I've built some baseline functionality for defining a schema for an
Active Resource.

Code available as a patch here:
http://pastie.org/743842

and a more-readable combined diff here:
http://pastie.org/743843


What you can now do is this:

class FlickrPhoto << ActiveResource::Base

define_schema do |s|
s.string :photo, :title
s.integer :width, :height
s.float :some_other_attribute
s.attribute 'and_another', 'string'
end

validates_presence_of :photo
validates_numericality_of :width, :height
end

# this works
my_photo = FlickrPhoto.new(:photo => 'photo_stream_here', :title =>
'eben', :tags => ['cat'])
my_photo.valid? # => true
my_photo.save # => true
my_photo.photo # 'photo_stream_here'

# and now, so does this:
new_photo = FlickrPhoto.new()
new_photo.respond_to? :photo # => true
new_photo.photo # => nil
new_photo.valid? # => false

new_photo.known_attributes # => ['photo', 'title', 'height',
'width', 'some_other_attribute', 'and_another']
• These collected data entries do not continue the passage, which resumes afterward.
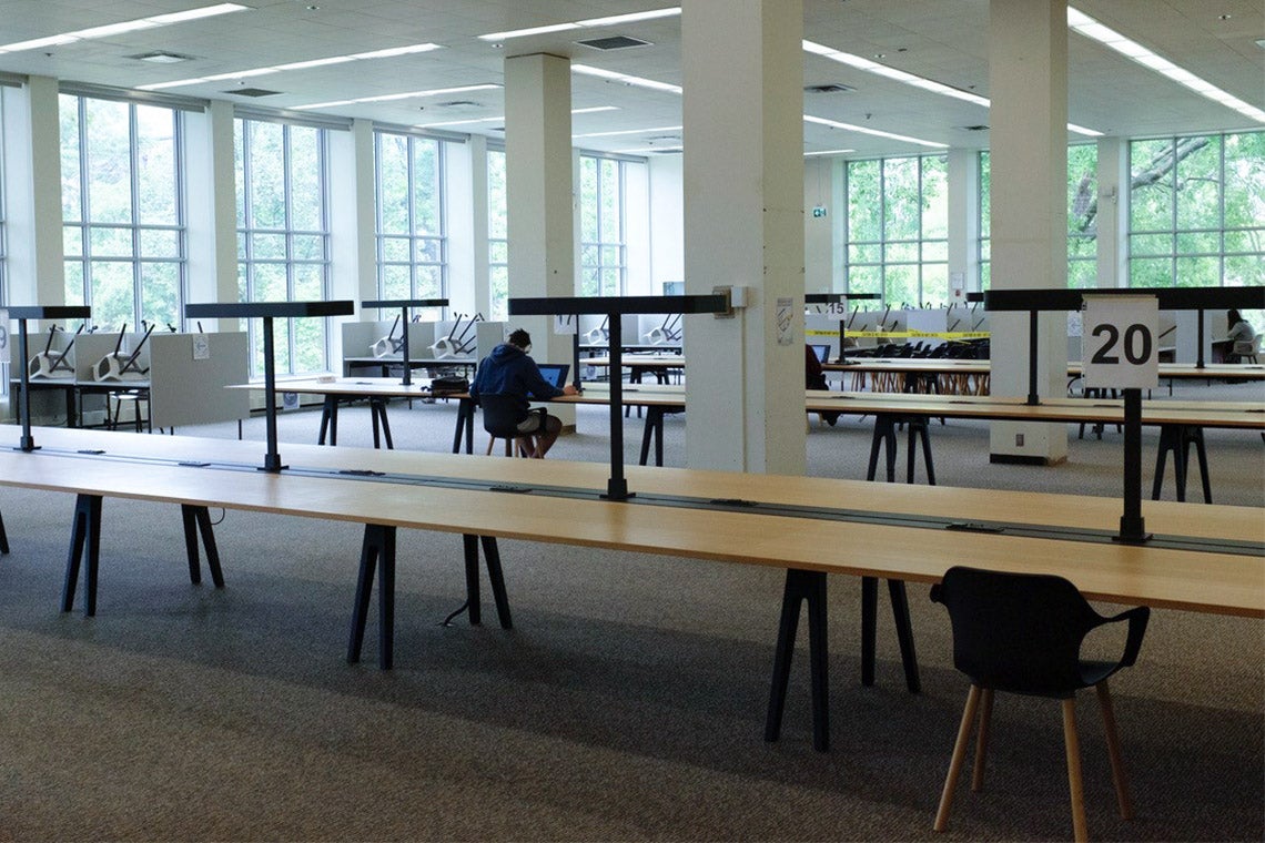 At U of T Mississauga, the library’s main floor will reopen and computers, Wi-Fi and printers will be available for use. Library staff may open the third floor for study use if there’s a need for more space.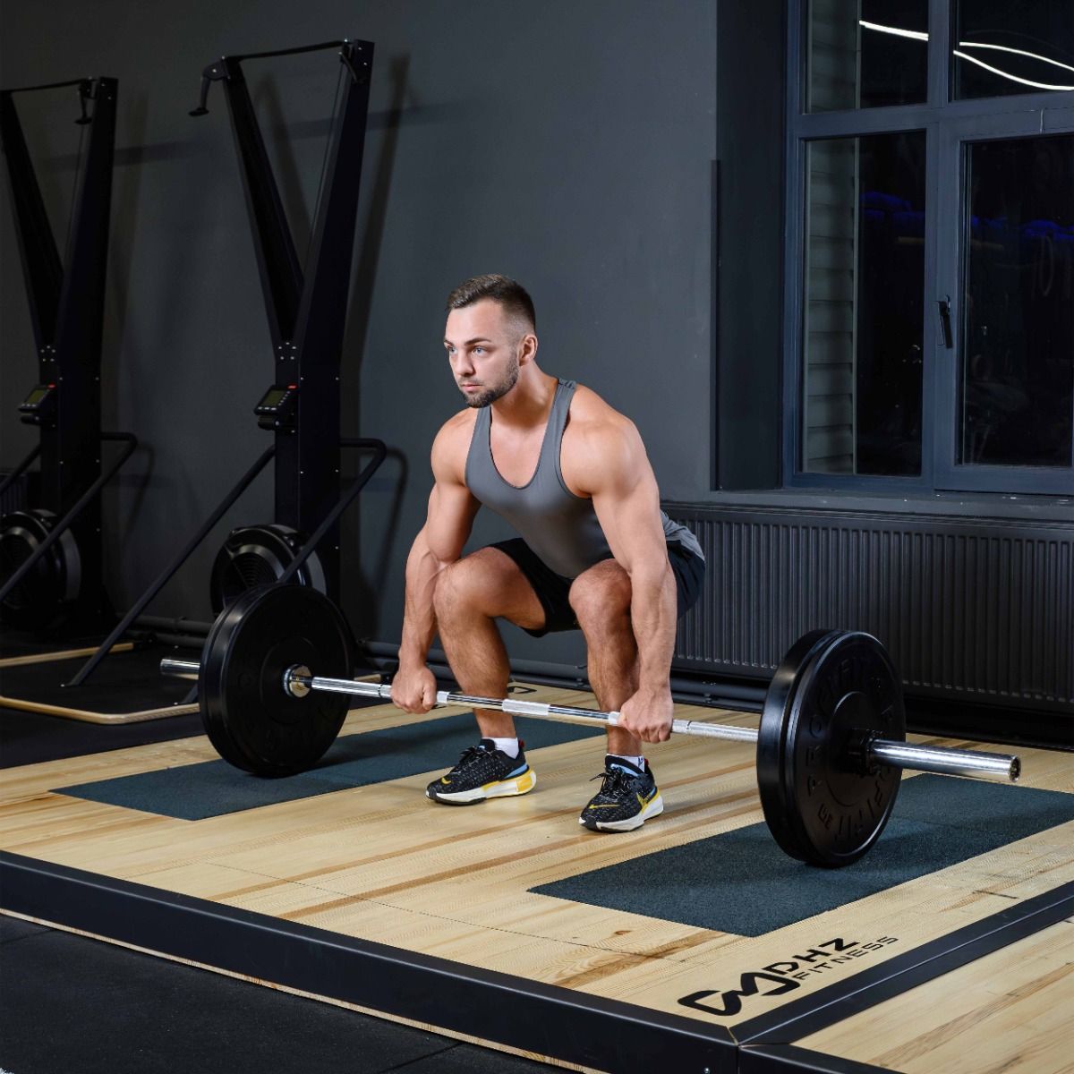 Резиновая поверхность служит для амортизации ударов от падения штанги.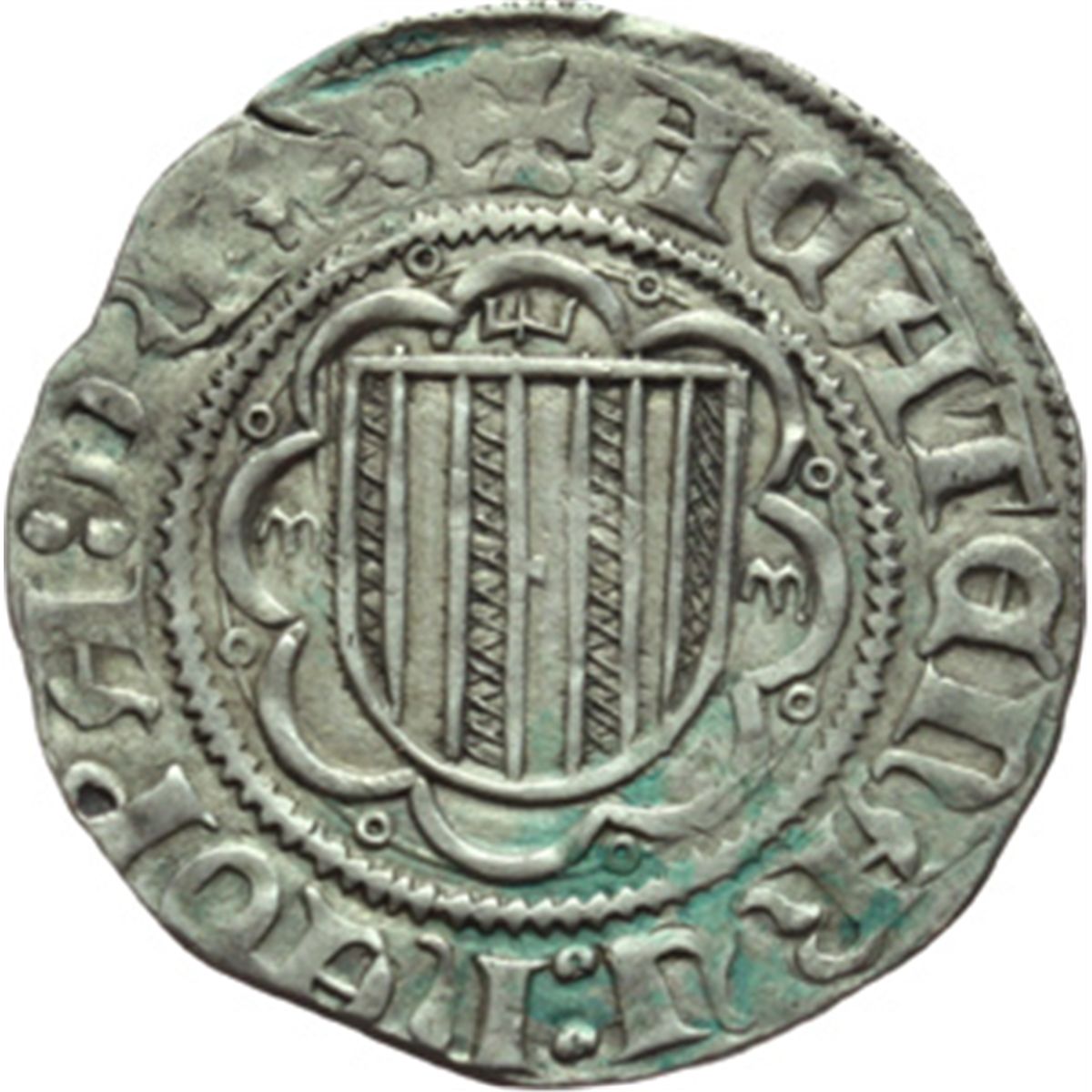 Monete e Medaglie di Zecche Italiane. Messina. Federico IV (1355-1377). Pierreale sigla M M. Sp.70/76 MIR 194/17. AG. g. 3.29 qSPL.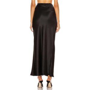 Womens Satin Maxi Skirts Flared A-Line Black
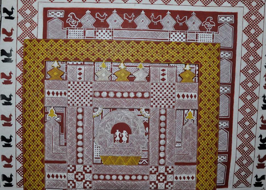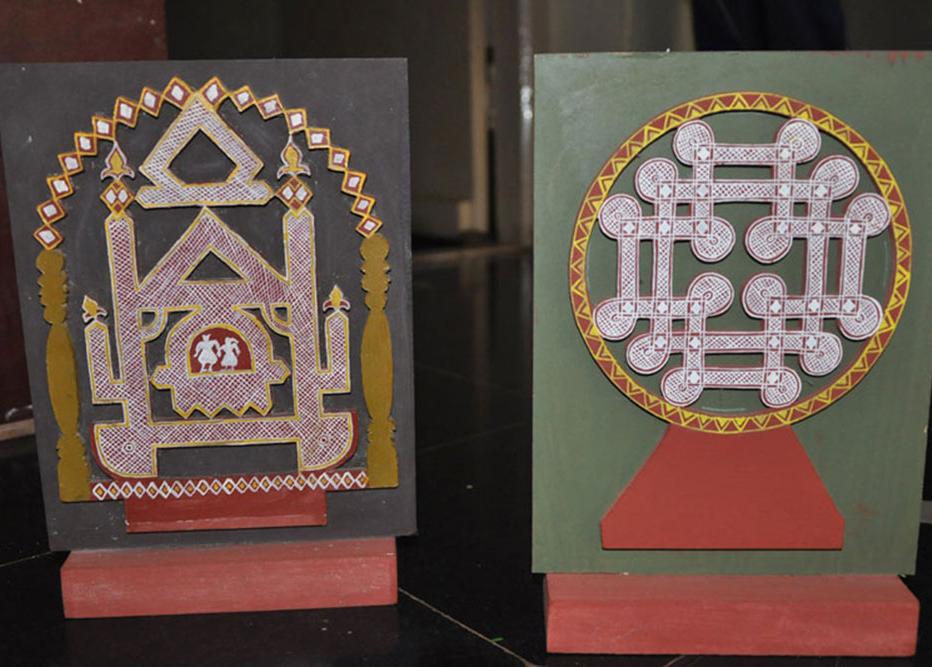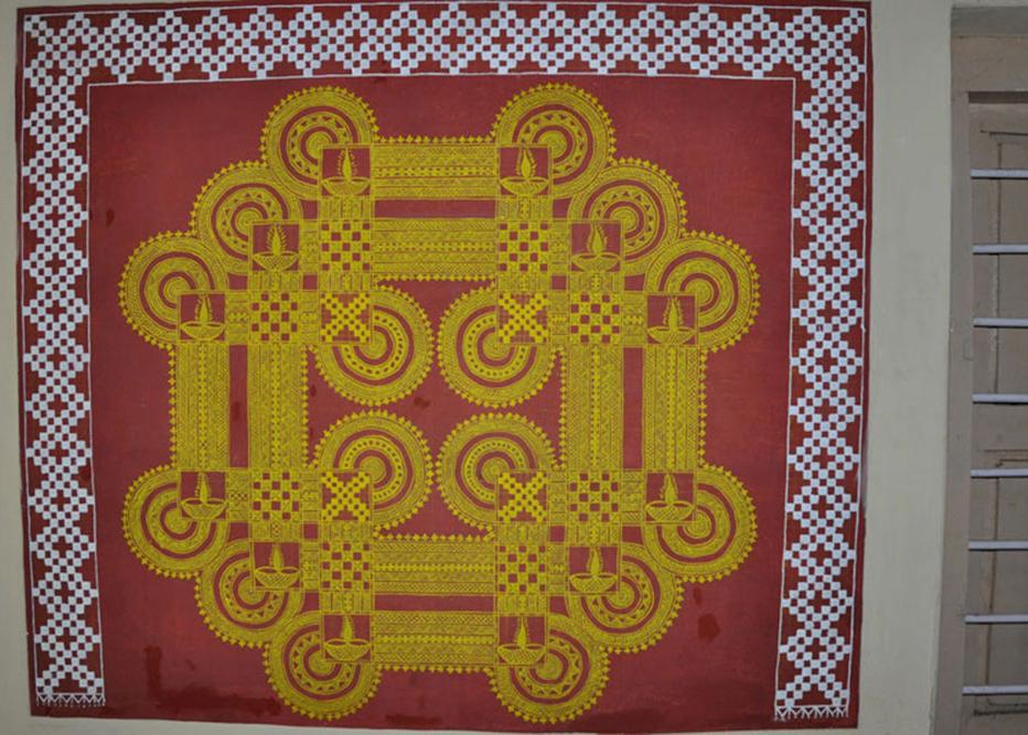 Hase Chittara painting is done on mud walls of tribal houses. The aesthetic designs of tribal figures, geometric patterns are intricately painted with natural grass brush and natural colors which are made using rice flour and Kemmannu-red earth, Sunna-lime stone and turmeric. The unique folk art is mainly practiced by tribal women during their leisure time. All the themes of Hase Chittara are inspired by nature. This art is majorly practiced during weddings and local ritual occasions.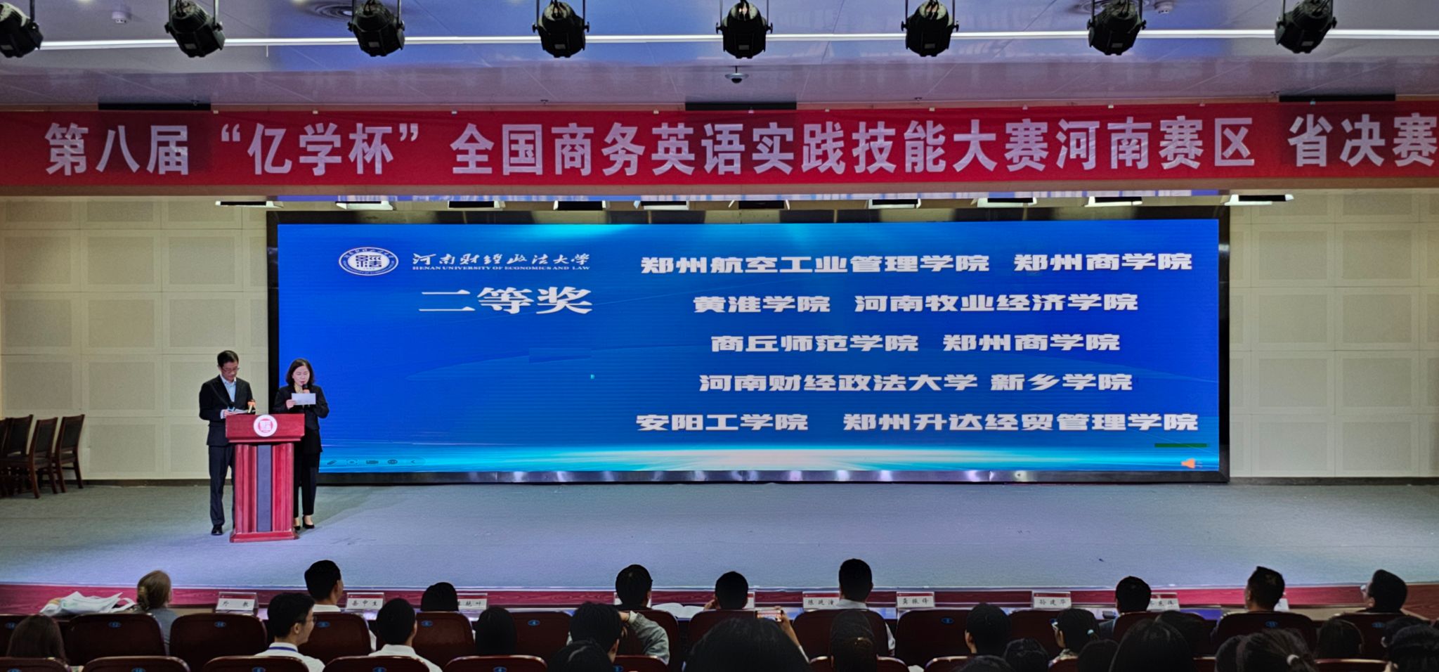 2024年9月20日,由中国国际商会商业行业商会商务英语研究委员会主办,河南财经政法大学承办,福建亿学教育科技集团有限公司协办的第八届“亿学杯”商务英语实践技能大赛河南赛区成功落幕。经过与全国34支决赛参赛队伍激烈的竞争角逐,公司beats365唯一官方网站王婷婷、孙磊两位老师指导的2021级商务英语专业员工高怡婷、杨丽萍、张帅景、张文静、李玥靓所组成的团队(Dreamchasers)凭借“China YTO”项目喜获河南赛区二等奖。至此,beats365唯一官方网站已连续8年参加该赛事,均取得优异成绩,表现亮眼。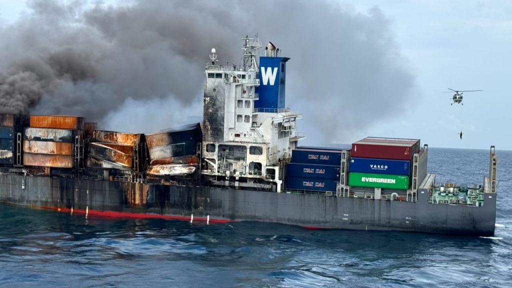 कोस्ट गार्ड की बड़ी कामयाबी: MV Wan Hai 503 की आग पर पाया काबू, 47 नॉटिकल मील दूर ले जाया गया जहाज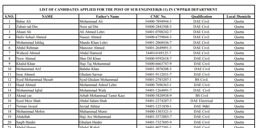 Click here to Download Complete List of Candidate of Communication and Works Department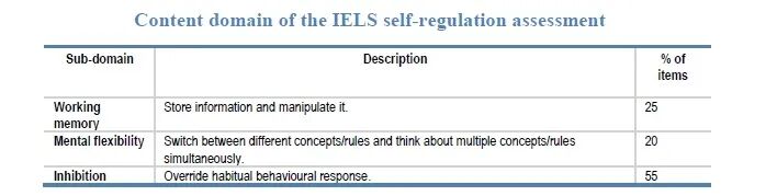 由于早期认知技能、自我调节技能和社会情感技能最能预测儿童以后的积极成果,所以OECD“国际早期学习和儿童幸福研究”认为评估早期学习应该也聚焦于这三个领域,并设计了评估框架。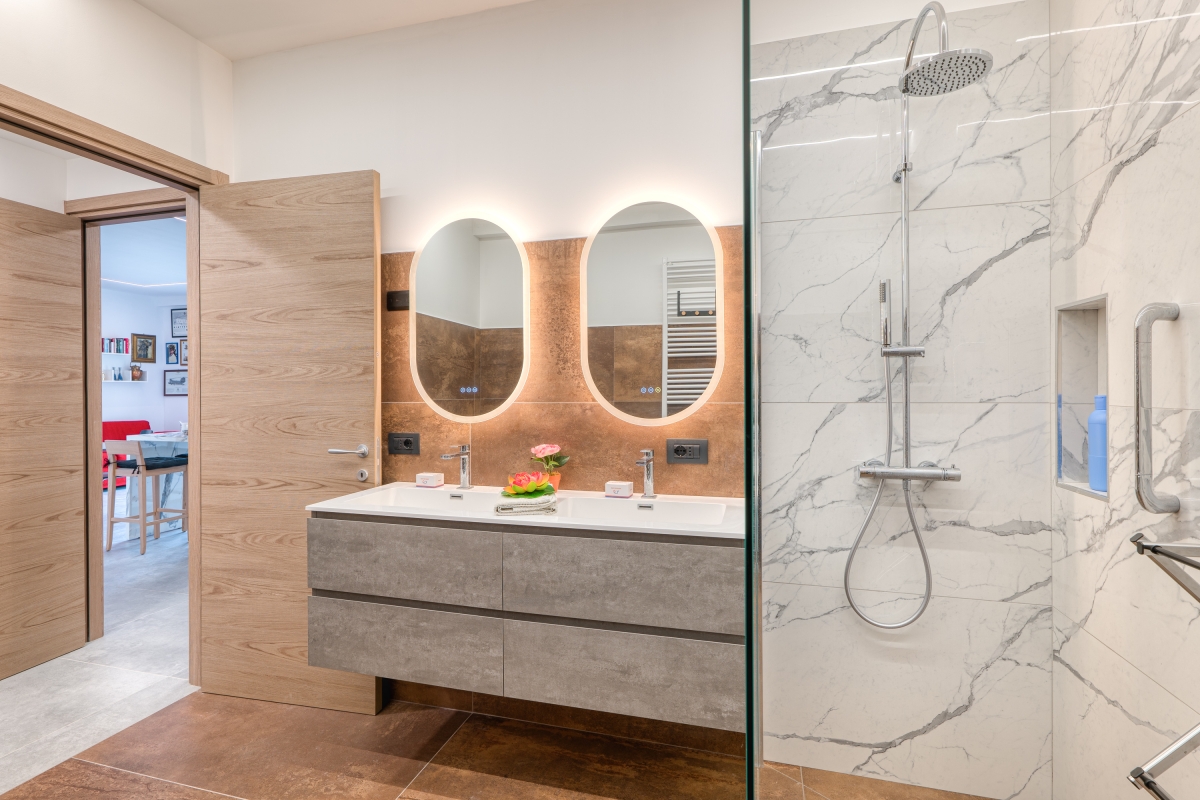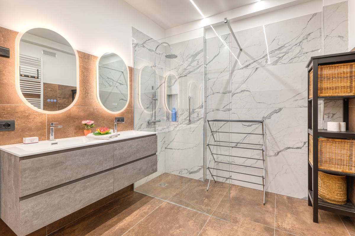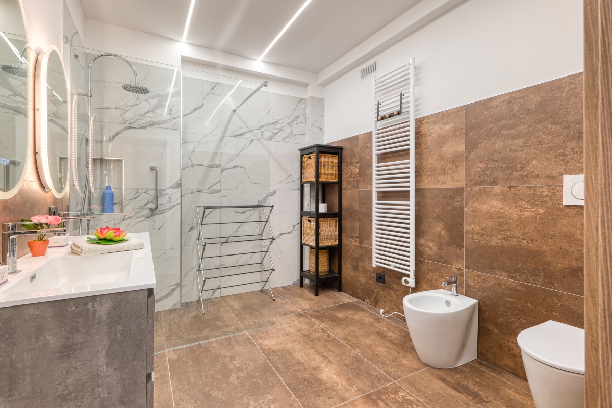 The modern bathroom is fitted with a large shower, two washbasins, a bidet and a WC
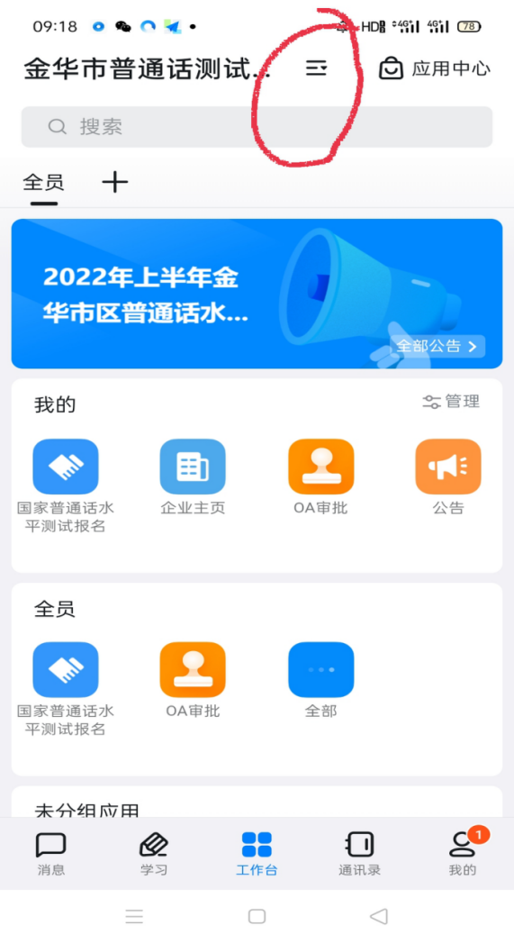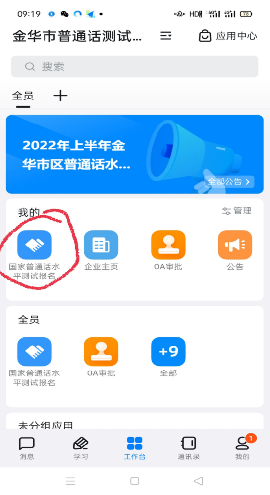 步骤四:点击工作台,选择金华市普通话测试中心。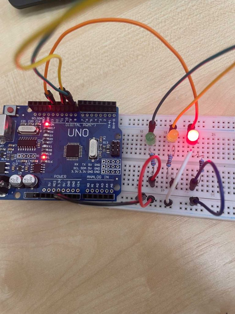 Cieľom cvičenia je zostrojiť a naprogramovať jednoduchý semafór, ktorý postupne rozsvieti zelenú, žltú a červenú LED v pevne definovanom poradí a časových intervaloch.

# and if you fetch and existing one:
a_photo = FlickrPhoto.find(1) # <FlickrPhoto><photo>abcdef</
photo><width>123</width><instance_attribute>456</instance_attribute></
FlickrPhoto>
a_photo.photo # => 'abcdef'
a_photo.width # => '123' # note: still a
string
a_photo.instance_attribute # => '456' # note: also a string

a_photo.known_attributes # => ['photo', 'title', 'height',
'width', 'some_other_attribute', 'and_another', 'instance_attribute']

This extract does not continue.